From Curtis Stone What's For Dinner?
Prep time: 15 minutes
Baking time: 13-15 minutes
Cooling time: 10 minutes
Makes 18 and you can freeze the dough to make part of the batch later!
2 cups all purpose flour
1 tsp baking soda
2 sticks (1/2 lb/227 g) unsalted butter, at room temperature
1 cup granulated sugar
3/4 cup light brown sugar, packed
2 tsp vanilla extract
3/4 tsp fine sea salt
2 large eggs
12 oz bittersweet chocolate (60% cacao), coarsely chopped into chunks
2 cups pecan halves, toasted. NOTE: next time I'll coarsely chop them before adding to the batter)
1. Position the racks to top third and center of the oven . Preheat the oven to 375F/190C. Line 2 large rimmed cookie sheets with parchment paper.
2. In a small bowl whisk the flour and baking soda and set aside
3. Using a large bowl and electric mixer (I used my stand mixer, because beating for 4 minutes is easier when the machine does all the work with the occasional scraping), beat the butter, sugars vanilla and salt at medium high speed until creamy.
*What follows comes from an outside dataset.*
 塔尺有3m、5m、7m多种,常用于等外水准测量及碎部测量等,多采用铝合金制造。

One at a time add the eggs, beating well after each. Reduce speed to low and add the flour until well combined. Add the chocolate and pecans and mix to incorporate.
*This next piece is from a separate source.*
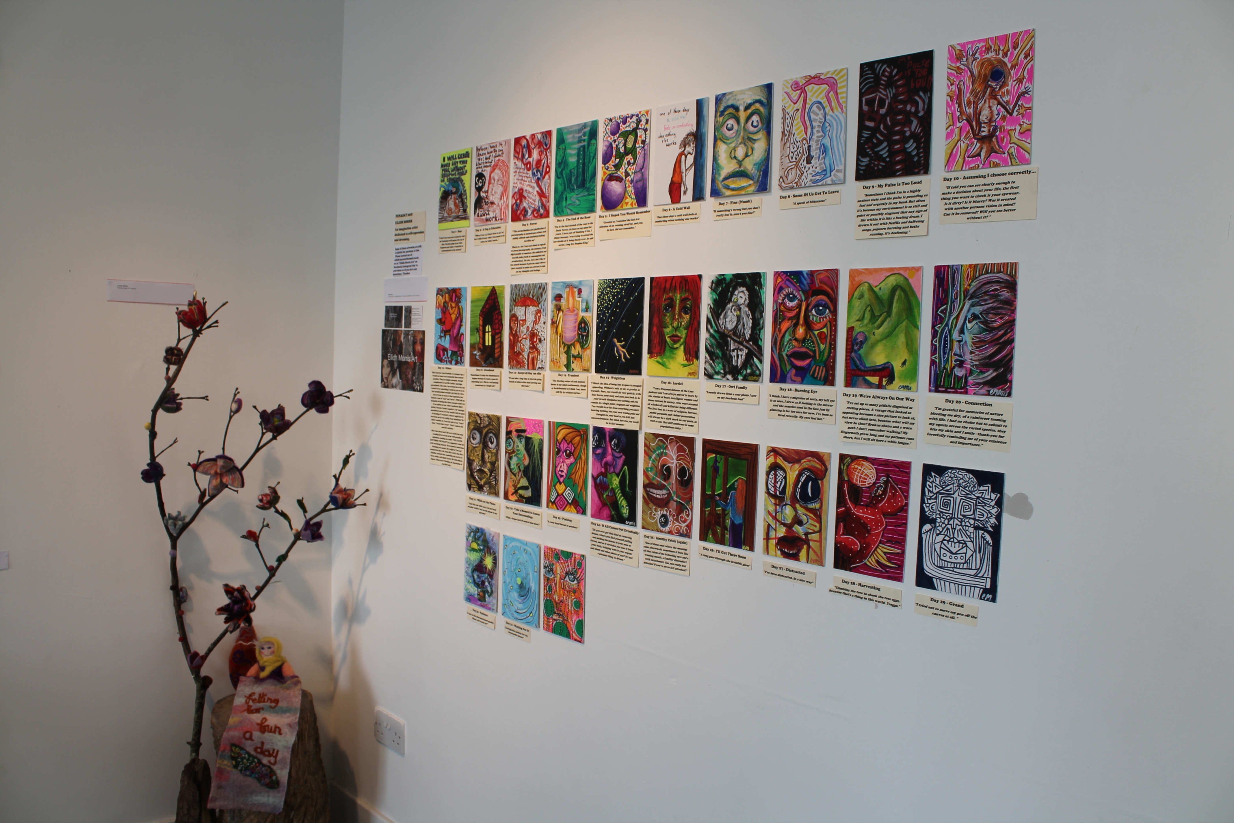 Each year we showcase FADD projects made by participants in a fun, casual and exciting showcase to the public. We aim to exhibit every project, including those that have 31 individual pieces. We love to share the variety and all the personal stories in the one place. It’s always a fun and inspiring weekend. We also have some of our participants taking part in the form of performances, talking to visitors, sharing their skills at craft stations and helping out over the exhibition weekend. We create a community online over the project, and it blossoms at our public ‘social meets’ and exhibition. Last year, and for our 2020 our showcase we moved it all online providing zoom performances, artist sessions, competitions and activities.

4. Scoop 1/3 cup cookie dough (I use a regular ice cream scoop for consistency) and only place 6 cookies per sheet leaving lots of room between them as the cookies will spread during baking. (NOTE: the cookies are huge, so next time I think I'll make twice as many, but small scoops).
Shaped cookie dough can be frozen for when the next cookie craving comes along. You can bake them direct from the freezer. They just might take a few minutes longer.
5. Bake cookies, switching the tray positions halfway, for about 13 minutes or until the edges and tops are golden but the centers are still soft and moist.
6. Remove from the oven and allow to rest on the cookie sheets for 5 minutes before transferring to wire rack to continue cooling.
If you are baking the entire batch, make sure the cookie sheets are completely cool before baking the second batch.